There are many definitions of the word “pest,” and personal perceptions of pests can often be very different. A pest might be annoying (ants), damaging to plants (rabbits), a health concern (ticks) or a cause for fear (black widow spiders). However, relatively few pests cause significant injury to plants, so pesticides are rarely needed.
A pesticide is a substance that destroys, prevents or repels a pest. There are many types of pesticides. For example, herbicides kill plants, insecticides kill insects, fungicides kill fungal organisms, miticides kill mites and rodenticides kill rodents.
Often, plant problems in Northern Nevada result from non-living factors. These include weather, wind exposure, lack of water or excess water, soil type, soil compaction, poor drainage, improper plant selection for the site, restricted roots or poor cultural practices. Since many plant problems are not caused by living pests, it is important to determine the cause of the problem or symptoms before buying and using a pesticide.

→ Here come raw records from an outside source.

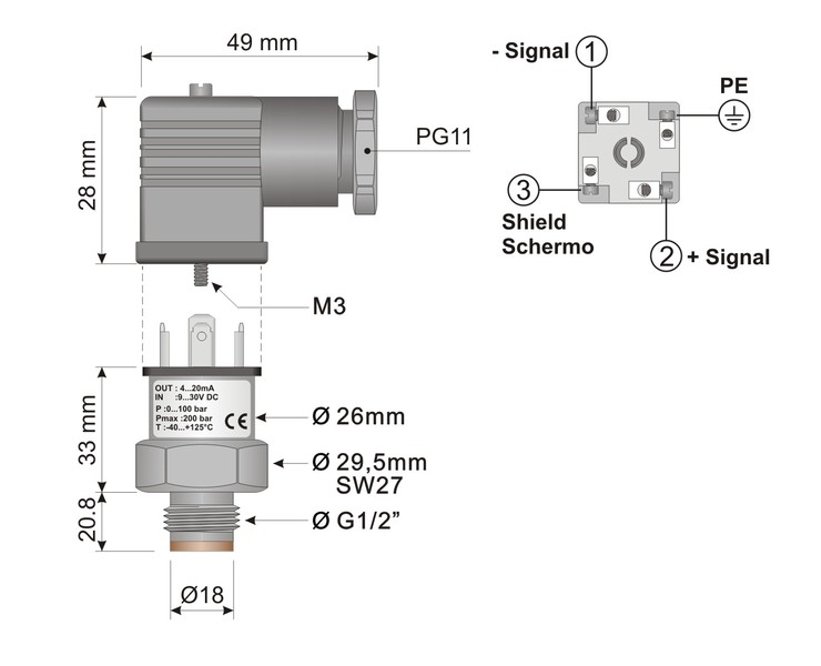 The AISI316L steel housing, the 1/2''G thread and the DIN43650-A connector make installation on site quick and easy.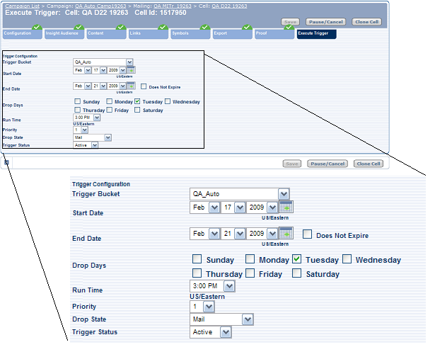 Specifies the day you want the trigger to stop executing. You can check the Does Not Expire box to make the trigger continue indefinitely.
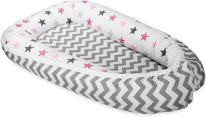 Baby Soft Cocoon Infant Reversible Sleep Nest Zig Zag/Pink Grey Stars

First, identify the plant. Some plants are prone to certain insects, such as aphids on ash trees or roses. Some problems are actually nutrient deficiencies. Pin oaks are subject to iron deficiency, which causes the leaves to yellow but veins to stay green. Note the signs of damage. Do you see insects? Or could site conditions or gardening practices be causing the problem? What characterizes the microclimate, soil type or drainage near the plant? Consider sun, shade and wind exposure. Often, improper watering causes the damage. How do you water, how often, how much and how deeply? If you use a drip system, where are the emitters located, and how many are there for each plant? Is the plant watered all through the year, or just seasonally?
Factors people rarely consider when worrying about a plant are the kind of activities that may have occurred near it, such as construction, pesticide spraying, painting or fertilizing. Each may damage plants and cause signs similar to insects or disease.

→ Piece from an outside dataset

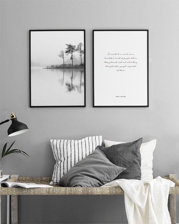 Motivi Handpicked Poster con paesaggio scandinavo in bianco e nero. Un design molto elegante e rilassante con un bellissimo lago e riflessi. Questo poster funziona bene da solo, ma anche con altre fotografie o perché non immagini di ispirazione Mindfulness? Per un quadro veramente completo è possibile acquistare una bella cornice.

Once you have identified that a pest is present, realize that some level of damage can be tolerated if it’s primarily aesthetic and not harming the plant, particularly if the plant is fairly healthy. Before using a pesticide, consider that the problem might go away without taking any action. Try other less-toxic methods of control, for example, spraying plants infested with aphids or spider mites with a strong jet of water.